Contributors | Affiliation | Role |
---|---|---|
Saito, Mak A. | Woods Hole Oceanographic Institution (WHOI) | Principal Investigator |
Ake, Hannah | Woods Hole Oceanographic Institution (WHOI BCO-DMO) | BCO-DMO Data Manager |
York, Amber D. | Woods Hole Oceanographic Institution (WHOI BCO-DMO) | BCO-DMO Data Manager |
These data are part of the Ocean Protein Portal "ProteOMZ" dataset (https://proteinportal.whoi.edu/; Saito et al., 2019).

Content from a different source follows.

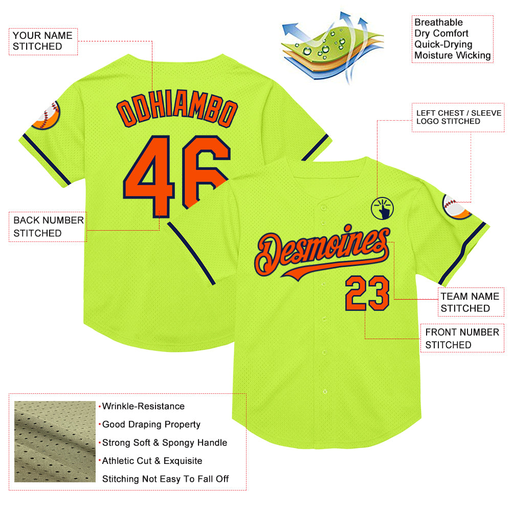 Custom Neon Green Orange-Navy Mesh Authentic Throwback Baseball Jersey

The raw mass spectra files were searched against SEQUEST within Proteome Discoverer v2.2 software. Processed files were then loaded into Proteome Software and protein and peptide reports as well as and fasta files were exported. The files were modified slightly to map to the Protein Portal data model for submission to BCO-DMO.
Preprocessing:
-Date, time, filter min, filter max, lat, lon, and cruise columns were added based on information from the Falkor 160115 Event log and CTD log.

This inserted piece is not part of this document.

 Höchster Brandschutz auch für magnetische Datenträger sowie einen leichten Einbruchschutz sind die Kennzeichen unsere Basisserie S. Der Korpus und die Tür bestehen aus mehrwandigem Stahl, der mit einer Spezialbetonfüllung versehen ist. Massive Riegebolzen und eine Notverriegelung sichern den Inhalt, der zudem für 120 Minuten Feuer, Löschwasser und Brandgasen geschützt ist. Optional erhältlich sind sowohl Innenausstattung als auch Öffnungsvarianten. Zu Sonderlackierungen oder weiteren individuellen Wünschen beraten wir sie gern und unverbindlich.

-Column names reformatted to comply with BCO-DMO standards.
Dataset version 3 revision (2019-02-24): replaces the earlier data version from date (2018-05-25)
* Values "#N/A" changed to "Unknown" which has a different meaning than blank values. Unknown = "Protein functional and taxonomic annotations are marked as "Unknown" for protein sequences which did not have any significant hits to known reference sequences or motifs in the metagenome annotation database. "

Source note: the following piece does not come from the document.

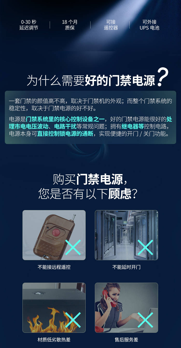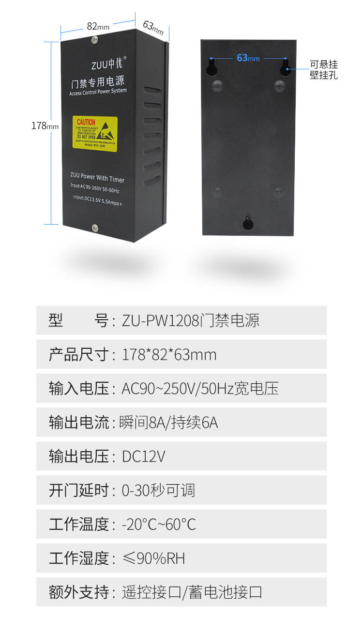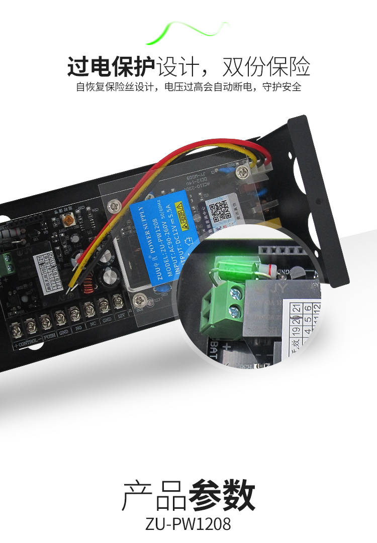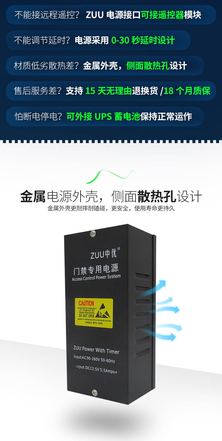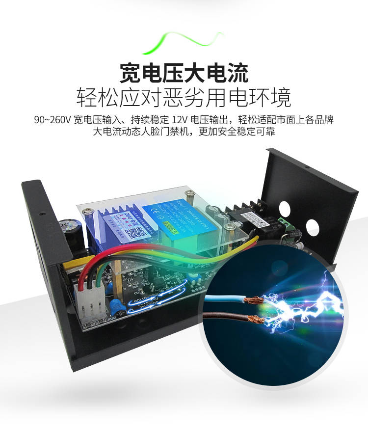 低功耗节能,长期使用更省钱优化电路设计,工作时功耗低,24 小时不间断运行也不费电,对比普通门禁电源,长期使用能节省不少电费,适合商铺、小区等批量安装场景,降低后期使用成本

* Event log and McLane pump log were updated to fix lat/lon, date/time issues. Since these were sources of information in this dataset, this dataset is also being updated. See respective "processing notes" sections for these two logs for detailed information about changes to those data sources. event log: https://www.bco-dmo.org/dataset/708384 pump log: https://www.bco-dmo.org/dataset/708495
* ISO_DateTime_UTC timestamp added from Date and time columns in the McLane log dataset. Date and time columns were HST time zone so 10 hours were added to make the time in UTC.
* columns for max and min pump filter size added (min 0.2 max 3.0).
* some station and target depths for station and target depth combinations did not exist in the Mclane pump log so the missing values were added to the mclane pump log. The following columns in this dataset come from the pump log: cruise, cast, date, time, lat, lon, depth (ISO_DateTime_UTC is derived from local date and time). Where there were two matched casts in the pump log for a station and target depth, the first cast for the station was used. The only differences between the two possible casts were the date/time columns.
Dataset Version 3: This file revision (2022-06-06) replaces a previous revision of dataset version 1 from 2019-02-24. This is still dataset version 3 because previous revisions of version 3 were not made public.
* Data from source file "ProteOMZ_proteins_for_OPP.csv" was imported into the BCO-DMO data system for this dataset. This file "ProteOMZ_proteins_for_OPP.csv" is from Ocean Protein Portal "ProteOMZ" dataset v3 (file version 2022-06-06)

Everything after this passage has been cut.